= Ramy Helmy El-Awadi =

Egyptian boxer (born 1989)

Ramy Helmy El-Awady (born 31 July 1989 in Sharkia) is an Egyptian amateur boxer who competed at the 2012 Olympics at light flyweight. He fights from an orthodox stance.

At the 2011 World Amateur Boxing Championships, he reached the second round, beating Alvaro Vargas 16–11.

He qualified for the 2012 Olympics by reaching the last 8 at the 2012 African Boxing Olympic Qualification Tournament.

== Boxing career ==
His achievements include:

Boxing for Egypt since 2007, including training camps in Lebanon, 2009, Cuba, 2011 and Ukraine, 2012.

At regional level he won gold medals at the Egyptian championships in 2007, 2008, 2009, 2010, 2011, 2012 and 2013. He won the Cairo Championship from 2007 to 2013.

Egyptian national team tests Since ( 2007 ) To ( 2013 ) (( 1st place ))

Future international university championship Cairo ( 2014 ) (( GOLD MEDAL ))

He won the Egyptian Universities Championship in 2013 and 2014.

At international level he won the 2007 Arab Championship for Youth (2007) in Egypt, and bronze at the 2007 Pan-Arab Games. In 2008 he won a bronze medal at the Africa Cup in Mauritius. He reached 5th place in both the Arabic Boxing Championships and the Francophone Games in 2009.

Egyptian International Championship 11th Egypt 2009 (( BRONZE MEDAL ))

Arab police clubs Syria (( GOLDEN CUP ))

In 2010, he won a bronze medal at the African Cup of Nations.

He competed at the 2011 World championship in Azerbaijan.

In 2012, he qualified for the Olympic Games by finishing in the last 8 of the African Qualifying tournament. To do this, he beat Japhet Uutoni of Namibia by knock out in his first match. At the London Olympic Games 2012 he lost his first match to Ferhat Pehlivan.

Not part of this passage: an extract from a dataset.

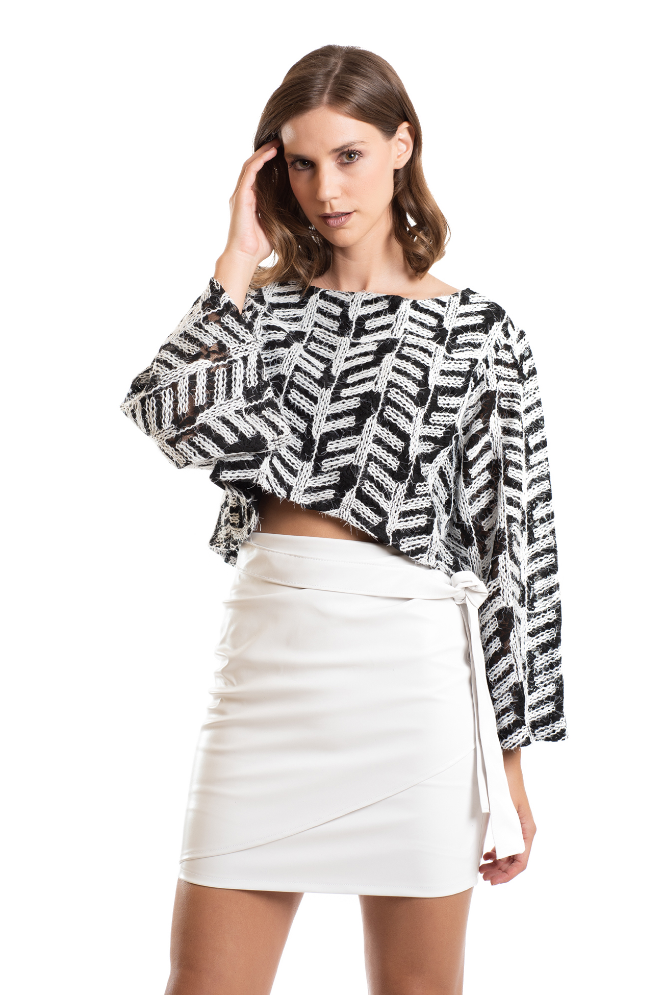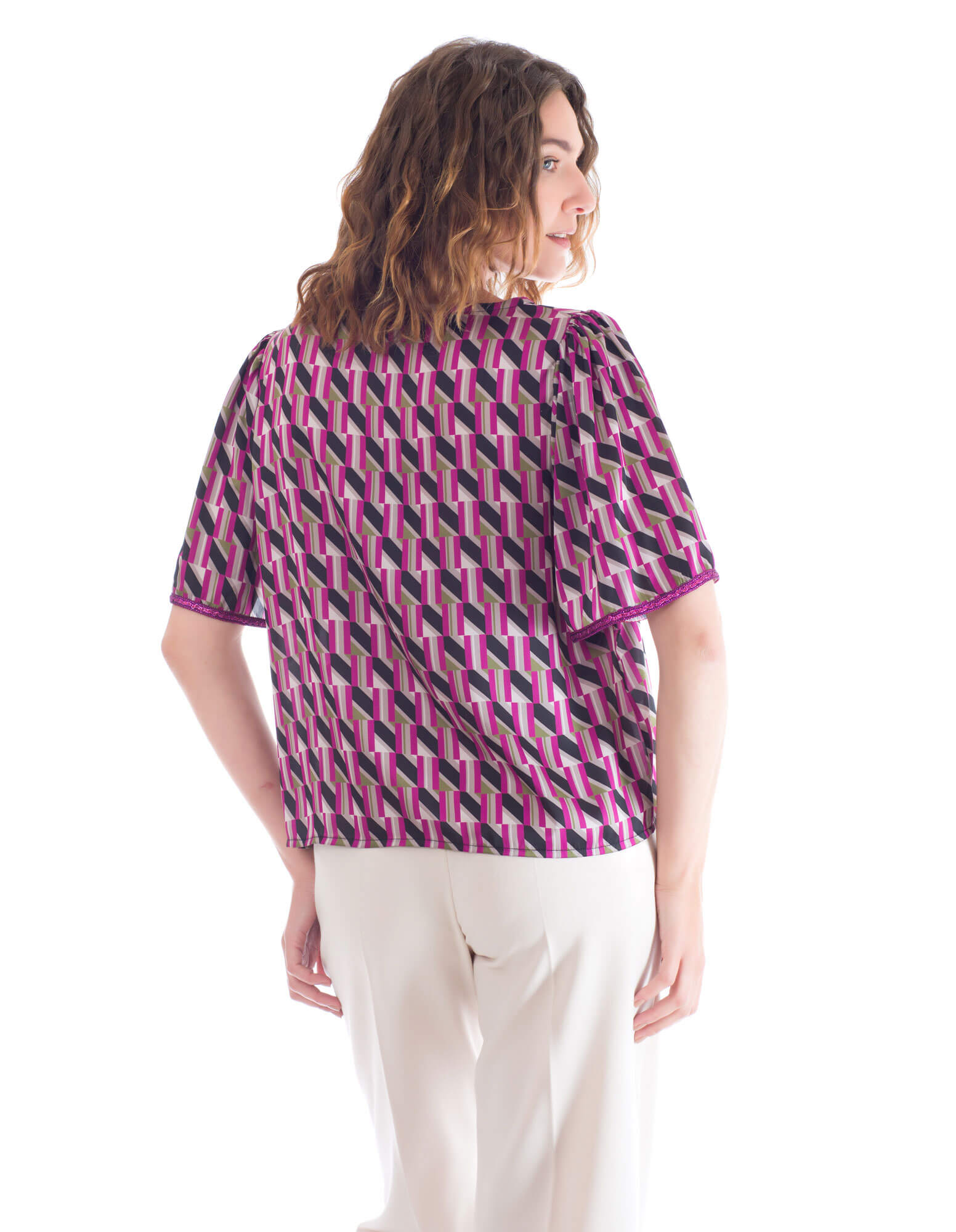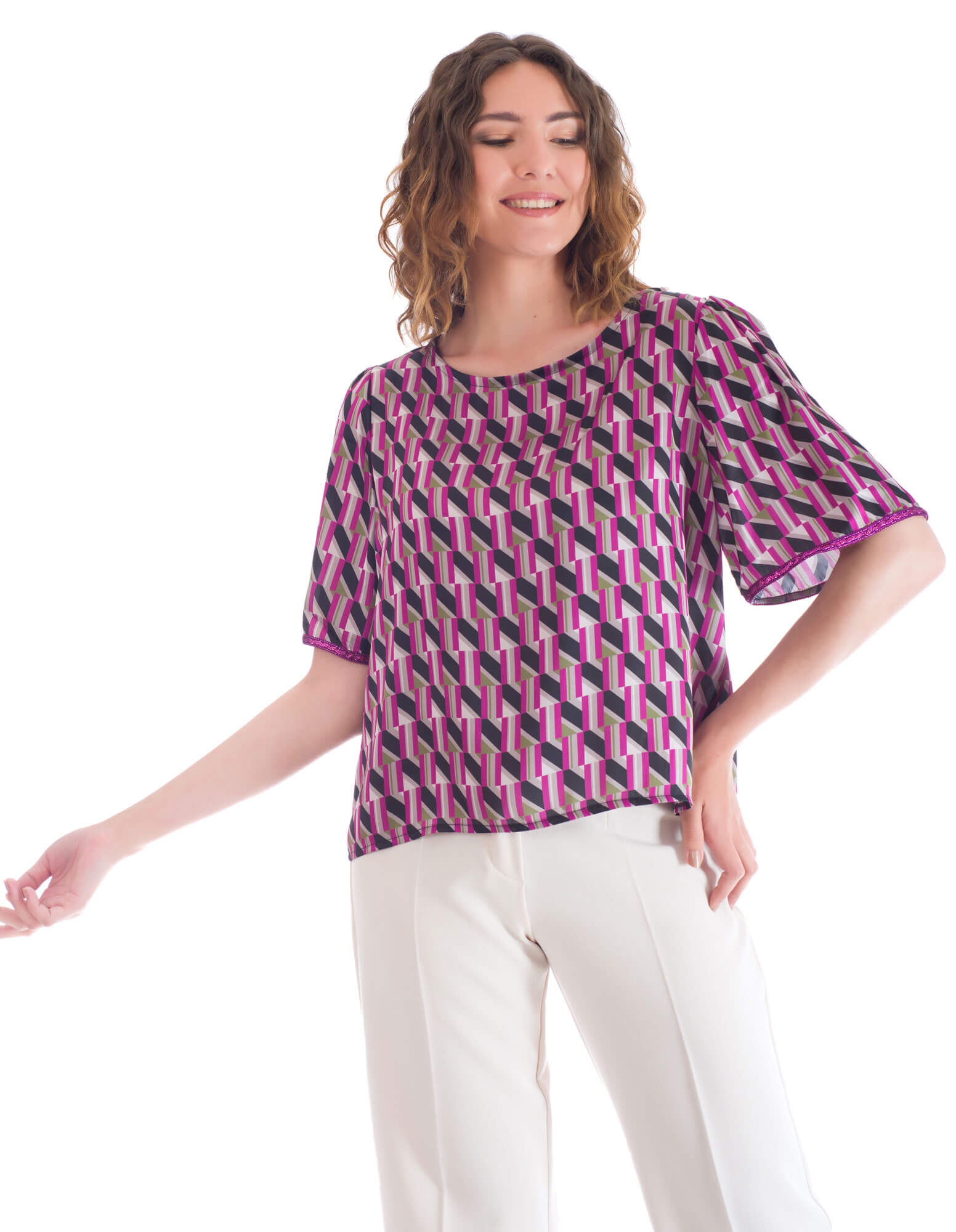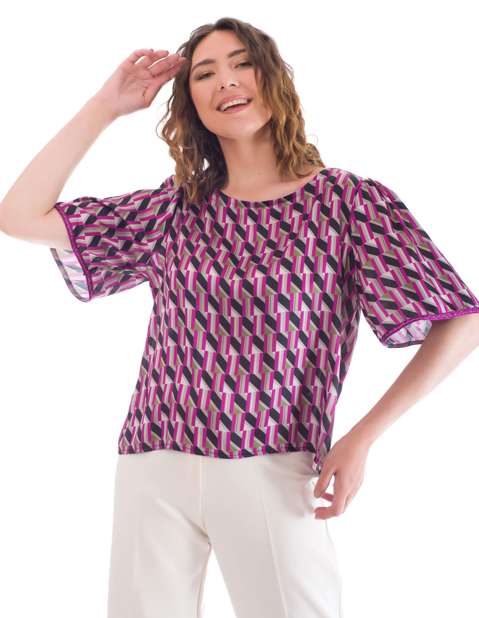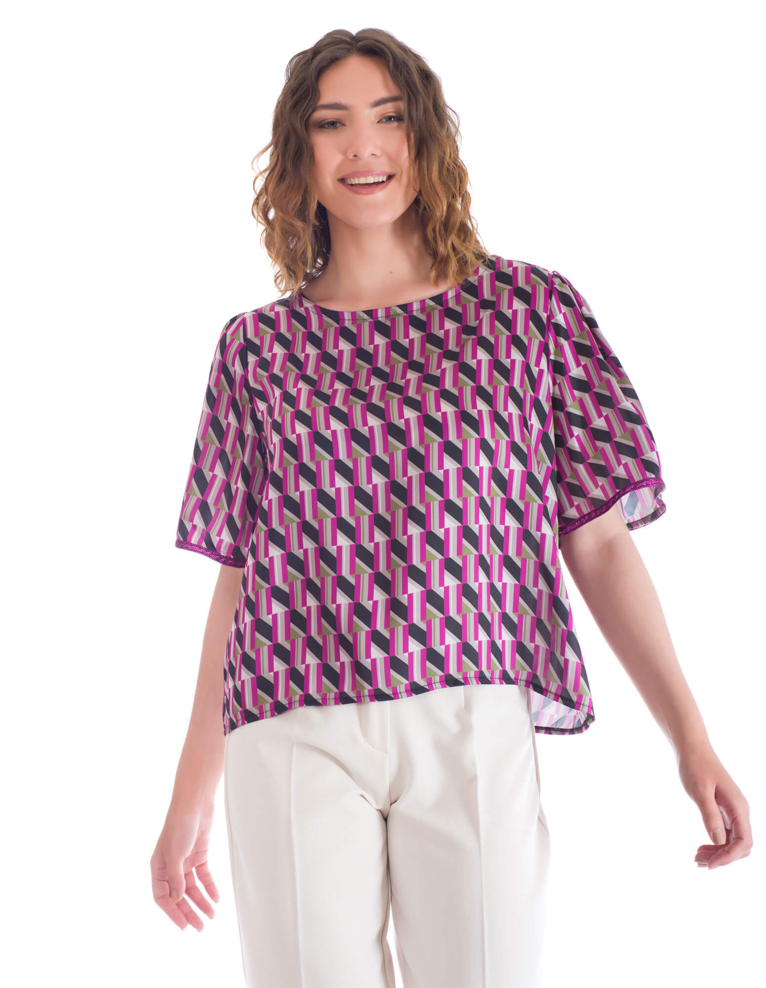 Άνετη μπλούζα με κοντό μανίκι και διακοσμητική τρέσα στο τελείωμα του.

In 2013, he competed in the Istvan Bocskai Memorial in Hungary, beating Istvan Lakatos, before losing to Belik Galanov in the quarter-finals. At the Algerian International Championships, he won a silver medal, losing to Mohamed Flissi in the final. He also won a bronze medal at the 2013 Mediterranean Games in Turkey, losing to Pehlivan again in his semi-final. That year, he also competed in the Summer Universiade. At the 38th Golden Belt tournament in Romania, he won the bronze medal.